* _TASK DETAILS_
Could you please repeat the entries below word for word, with the images left out?
*** SOURCE DATA Section Begins ***
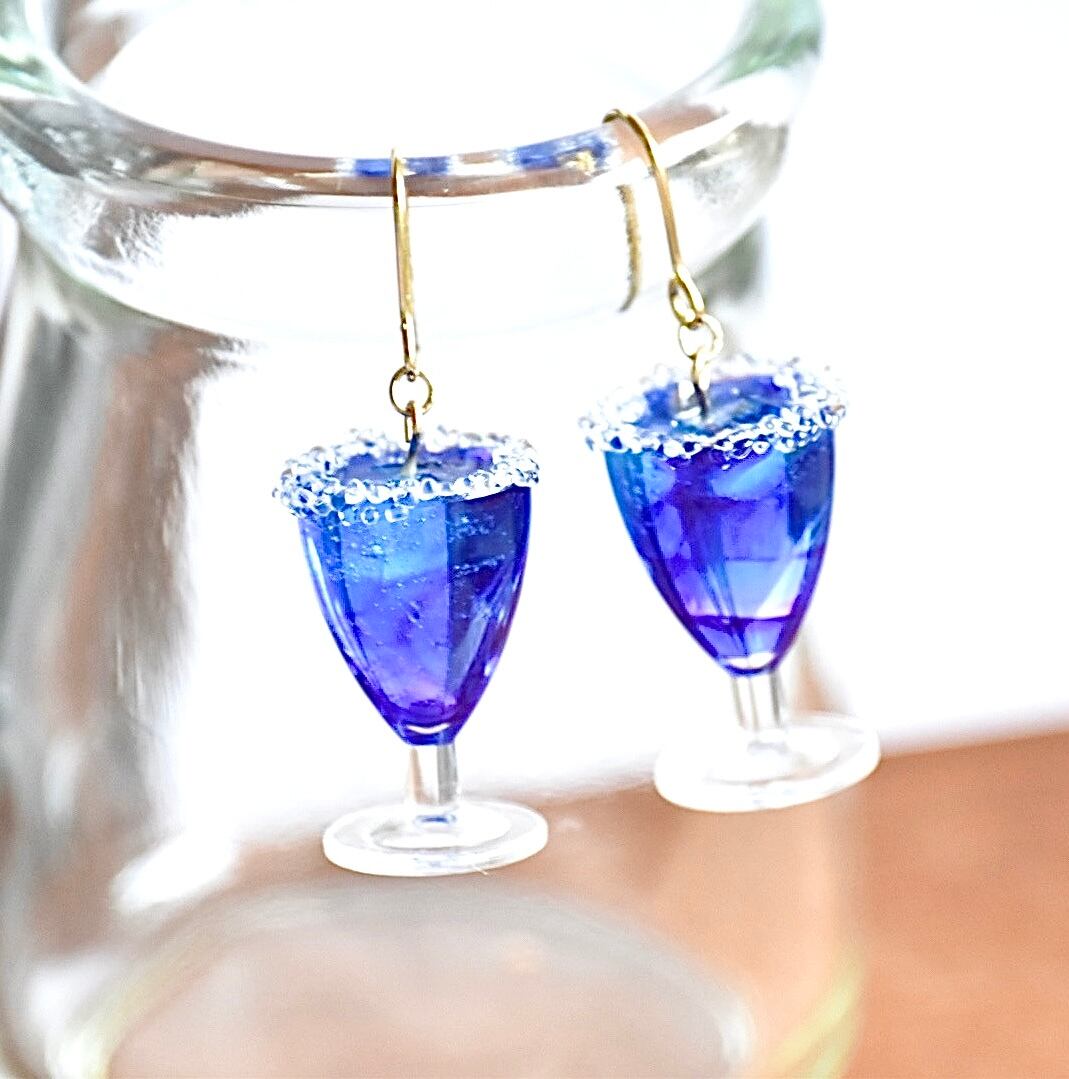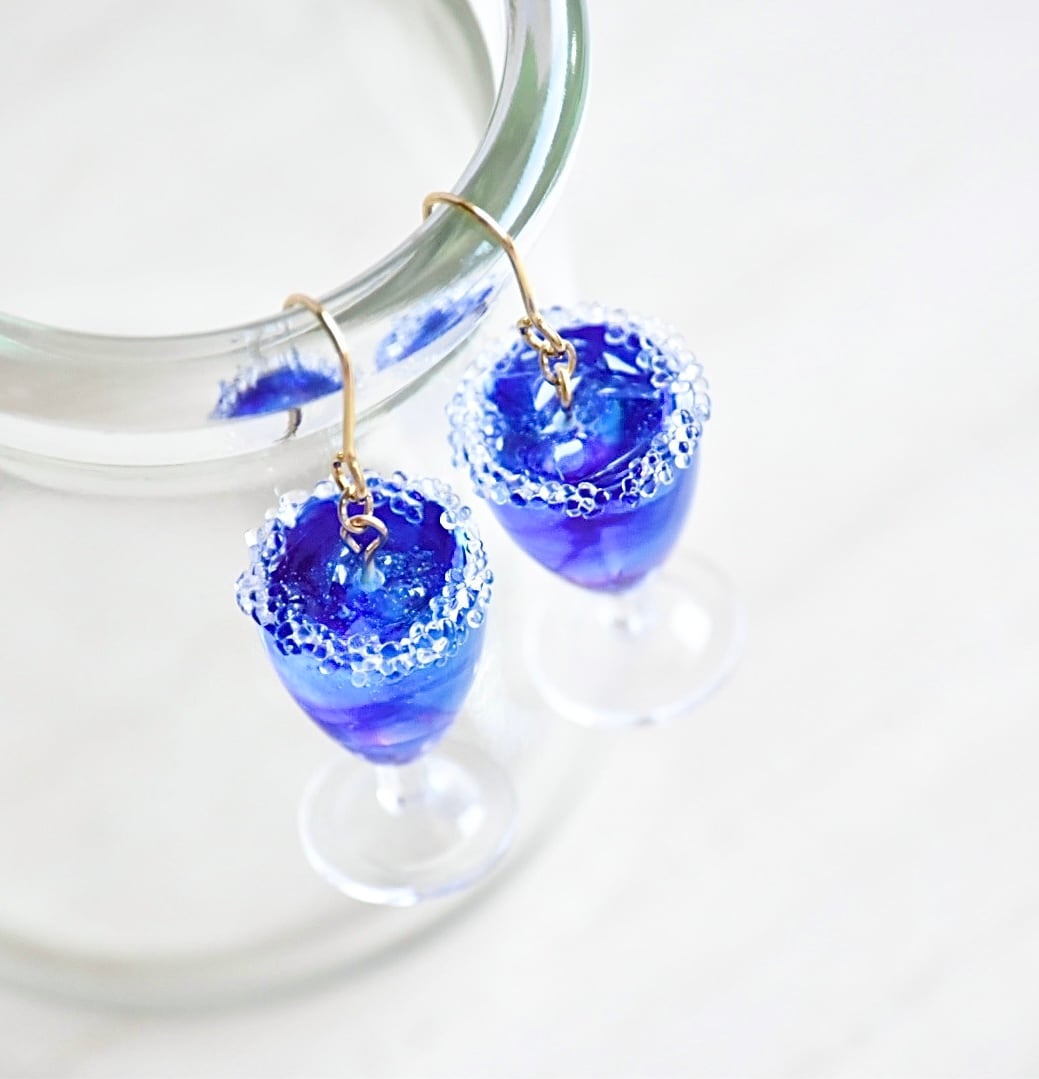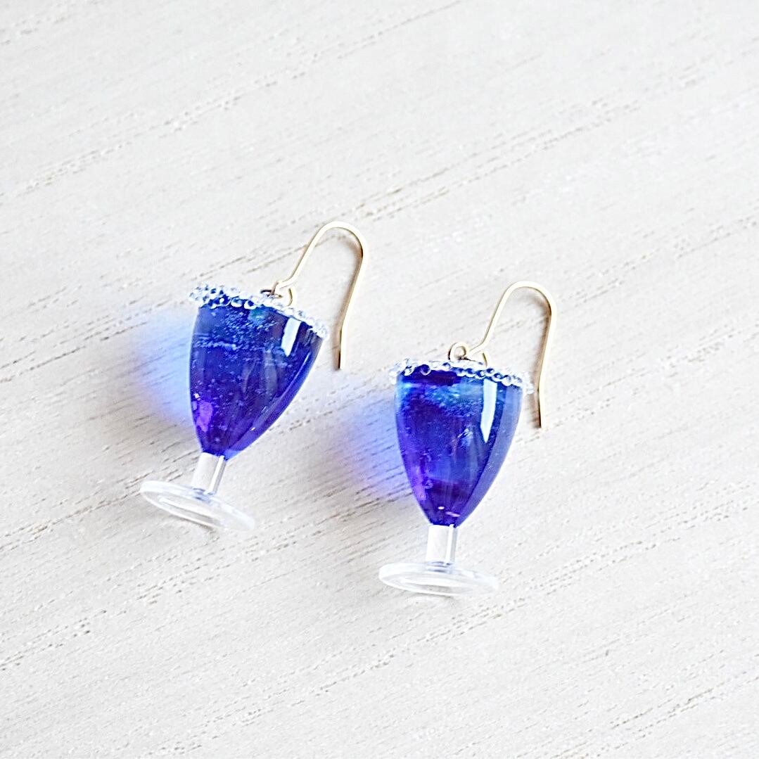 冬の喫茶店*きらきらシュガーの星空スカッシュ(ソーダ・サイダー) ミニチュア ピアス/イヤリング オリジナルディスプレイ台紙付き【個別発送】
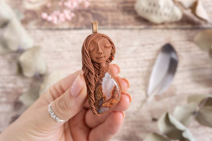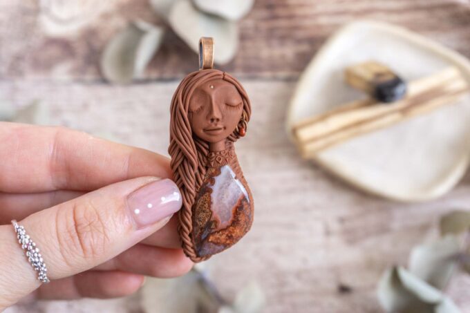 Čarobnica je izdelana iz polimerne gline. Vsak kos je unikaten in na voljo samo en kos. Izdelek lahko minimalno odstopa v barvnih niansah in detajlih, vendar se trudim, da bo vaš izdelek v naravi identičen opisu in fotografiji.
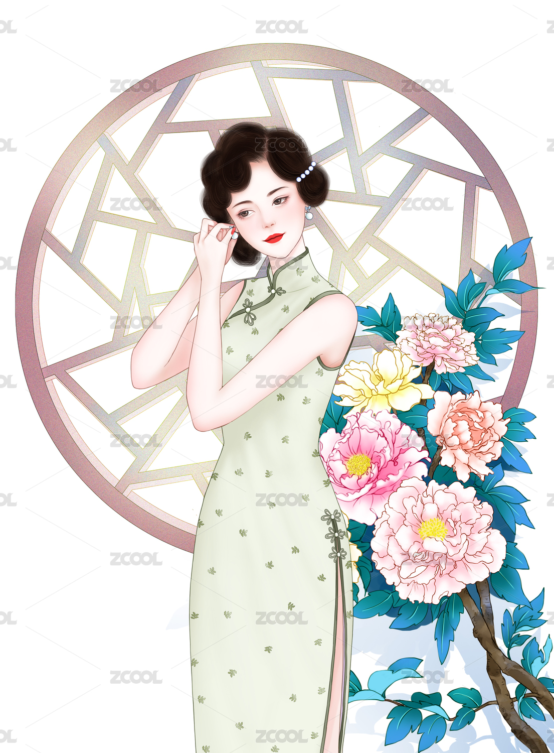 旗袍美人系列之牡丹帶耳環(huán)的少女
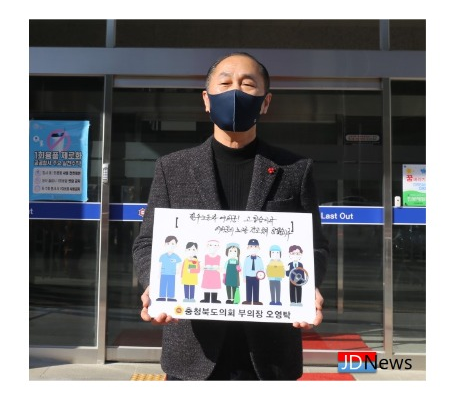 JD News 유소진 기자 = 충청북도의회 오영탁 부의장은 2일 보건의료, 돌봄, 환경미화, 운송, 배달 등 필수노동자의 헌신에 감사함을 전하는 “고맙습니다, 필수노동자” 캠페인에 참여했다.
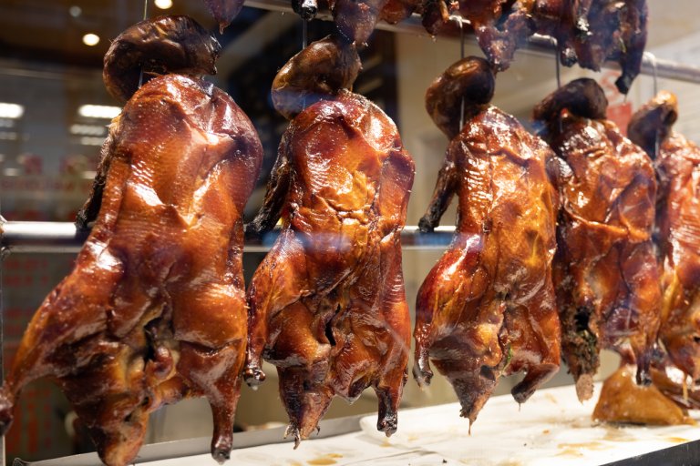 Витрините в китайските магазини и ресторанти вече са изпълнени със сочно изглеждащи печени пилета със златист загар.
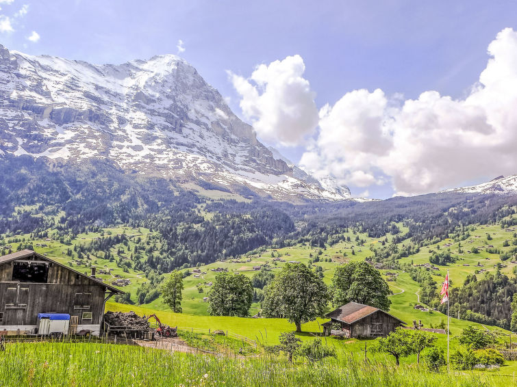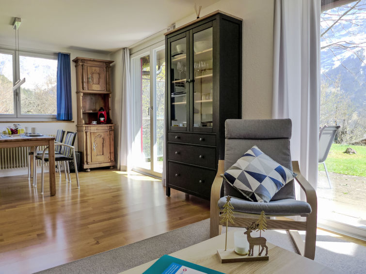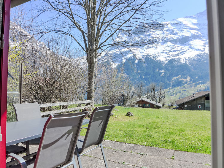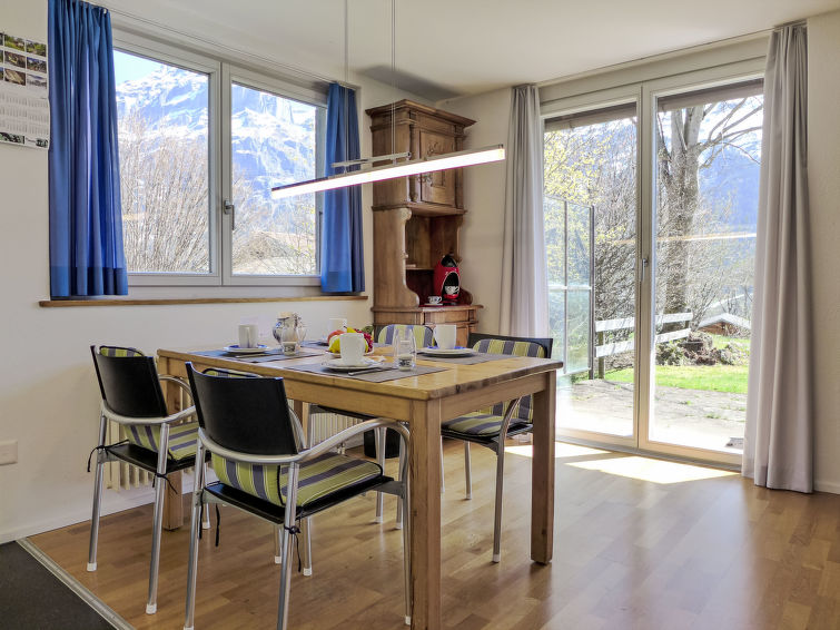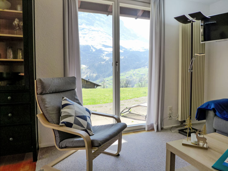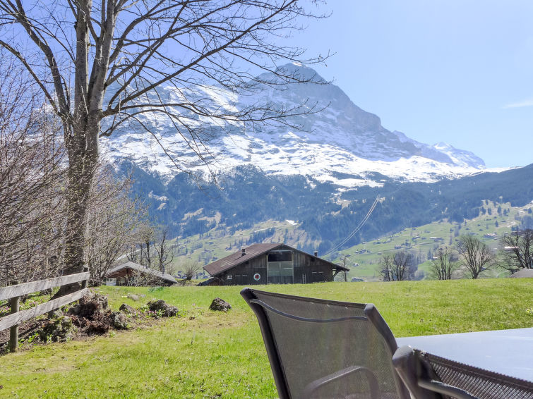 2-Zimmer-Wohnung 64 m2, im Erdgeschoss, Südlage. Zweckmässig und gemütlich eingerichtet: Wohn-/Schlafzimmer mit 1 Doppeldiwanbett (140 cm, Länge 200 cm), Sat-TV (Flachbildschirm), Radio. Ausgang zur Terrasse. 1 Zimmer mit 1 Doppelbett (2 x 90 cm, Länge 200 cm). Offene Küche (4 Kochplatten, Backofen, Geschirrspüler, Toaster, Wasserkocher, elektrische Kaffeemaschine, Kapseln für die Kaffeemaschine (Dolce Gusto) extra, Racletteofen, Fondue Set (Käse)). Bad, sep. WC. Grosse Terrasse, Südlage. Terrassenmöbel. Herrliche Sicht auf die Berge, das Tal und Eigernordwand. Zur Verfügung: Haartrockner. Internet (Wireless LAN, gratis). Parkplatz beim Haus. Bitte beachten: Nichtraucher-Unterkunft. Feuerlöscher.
*** SOURCE DATA Section Ends ***
* _TASK RESULT_
 冬の喫茶店*きらきらシュガーの星空スカッシュ(ソーダ・サイダー) ミニチュア ピアス/イヤリング オリジナルディスプレイ台紙付き【個別発送】
 Čarobnica je izdelana iz polimerne gline. Vsak kos je unikaten in na voljo samo en kos. Izdelek lahko minimalno odstopa v barvnih niansah in detajlih, vendar se trudim, da bo vaš izdelek v naravi identičen opisu in fotografiji.
 旗袍美人系列之牡丹帶耳環(huán)的少女
 JD News 유소진 기자 = 충청북도의회 오영탁 부의장은 2일 보건의료, 돌봄, 환경미화, 운송, 배달 등 필수노동자의 헌신에 감사함을 전하는 “고맙습니다, 필수노동자” 캠페인에 참여했다.
 Витрините в китайските магазини и ресторанти вече са изпълнени със сочно изглеждащи печени пилета със златист загар.
 2-Zimmer-Wohnung 64 m2, im Erdgeschoss, Südlage. Zweckmässig und gemütlich eingerichtet: Wohn-/Schlafzimmer mit 1 Doppeldiwanbett (140 cm, Länge 200 cm), Sat-TV (Flachbildschirm), Radio. Ausgang zur Terrasse. 1 Zimmer mit 1 Doppelbett (2 x 90 cm, Länge 200 cm). Offene Küche (4 Kochplatten, Backofen, Geschirrspüler, Toaster, Wasserkocher, elektrische Kaffeemaschine, Kapseln für die Kaffeemaschine (Dolce Gusto) extra, Racletteofen, Fondue Set (Käse)). Bad, sep. WC. Grosse Terrasse, Südlage. Terrassenmöbel. Herrliche Sicht auf die Berge, das Tal und Eigernordwand. Zur Verfügung: Haartrockner. Internet (Wireless LAN, gratis). Parkplatz beim Haus. Bitte beachten: Nichtraucher-Unterkunft. Feuerlöscher.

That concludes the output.